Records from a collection
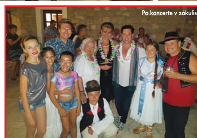
Po koncerte v zákulisí
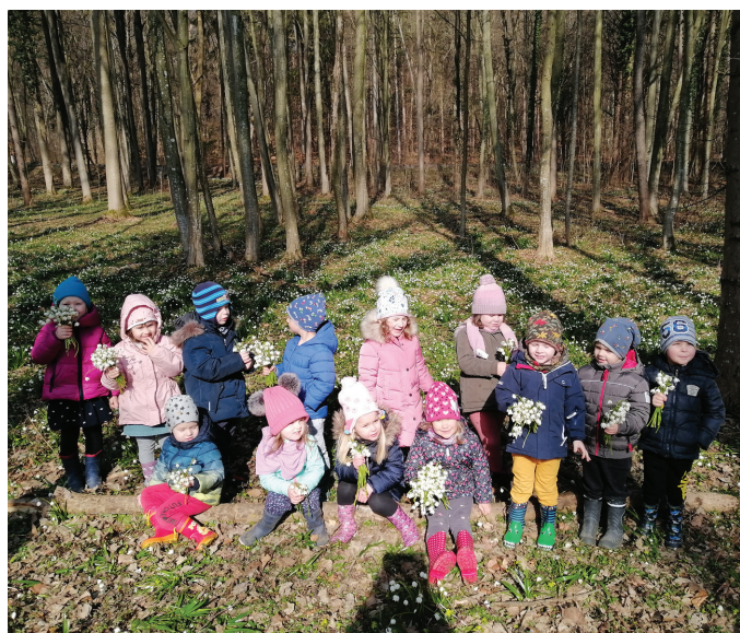
Zvončki za mamice
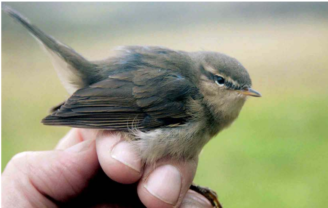
605 Bruine Boszanger / Dusky Warbler Phylloscopus fuscatus , Kennemerduinen, Bloemendaal, Noord-Holland, 20 oktober 2004
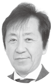
中家 章智 議員
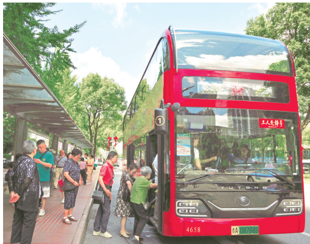
7月15日，在贵阳市1路公交车站，人们有序乘上一辆双层新能源公交车。目前，贵阳市新能源、清洁能源公交车占比达99.9%，全市公共交通迈入绿色低碳时代。

数据显示，2024年，三穗鸭产业综合产值达14亿元。目前，三穗县有涉鸭企业44家，标准化养殖场8个，规模肉鸭养殖场47个、散养1万余户，存栏蛋鸭80万羽，日产蛋72万枚左右，当地正奋力推动全产业链再上新台阶。
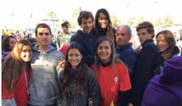
Profesores, alumnos y apoderados del Colegio La Cruz, de Rancagua.
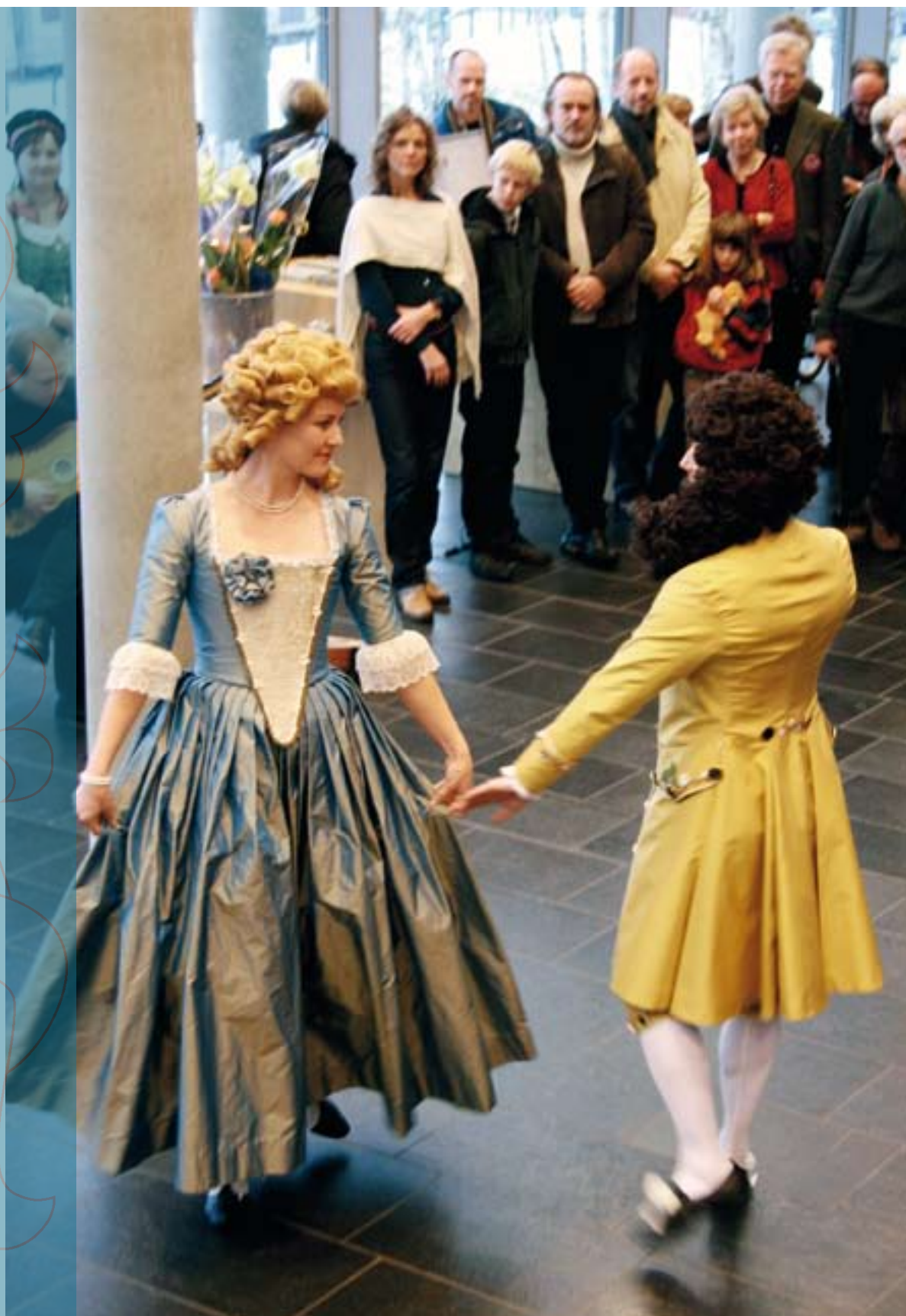
Vel 200 besøkende fikk oppleve utstillingen "Norge i 1743", fransk hoffdans og gode foredrag i riksarkivbygningen da Arkivdagen ble markert.
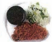
萩原畜産豚の ロースカツレツ Pork cutlet (小麦・卵・乳) [+¥200]
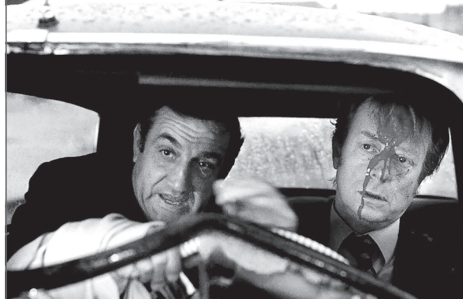
В фильме «Молчаливый»

В «Зануде» Вентура сыграл героя, в чью шкуру через несколько лет влезет Жерар Депардьё, когда объединится с Пьером Ришаром - традиционным исполнителем роли французского Иванушки-дурачка - Франсуа Пиньона (Перрена). В «Зануде» в роли Пиньона друг Лино - Жак Брель, и его персонаж действительно настолько занудлив, что портит весь фильм.
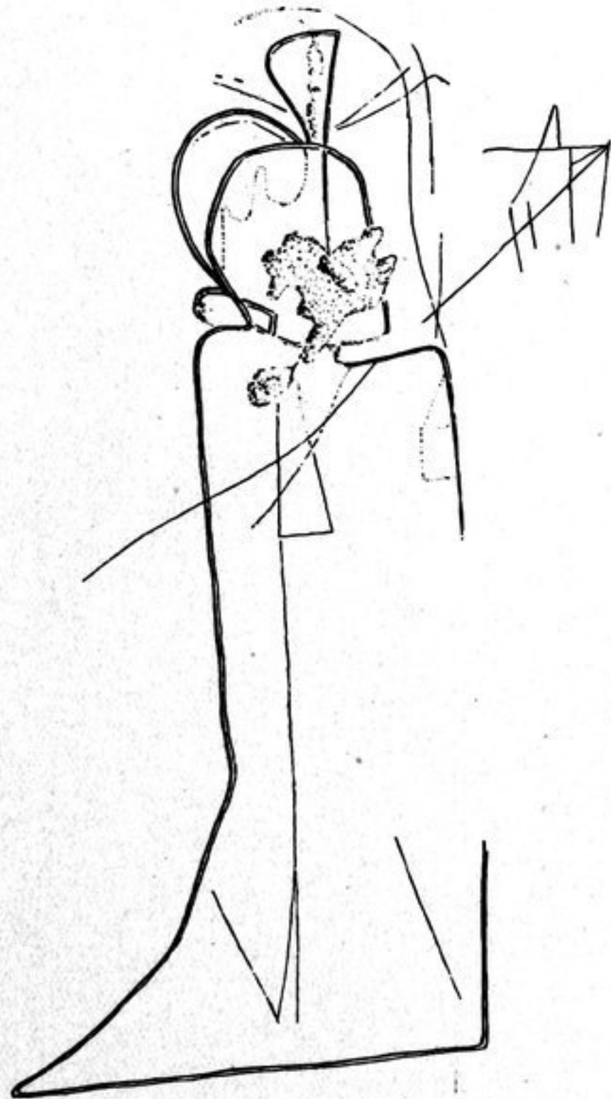
Abb. 102. Priesterfigur auf Stein II. — \frac{3}{4} .

**How to complete this task:**
The lines wanted run from the line containing "портит весь фильм." through the end of the entries; return them exactly, both ends included, and keep pictures out.

**Solution below:**
В «Зануде» Вентура сыграл героя, в чью шкуру через несколько лет влезет Жерар Депардьё, когда объединится с Пьером Ришаром - традиционным исполнителем роли французского Иванушки-дурачка - Франсуа Пиньона (Перрена). В «Зануде» в роли Пиньона друг Лино - Жак Брель, и его персонаж действительно настолько занудлив, что портит весь фильм.
Abb. 102. Priesterfigur auf Stein II. — \frac{3}{4} .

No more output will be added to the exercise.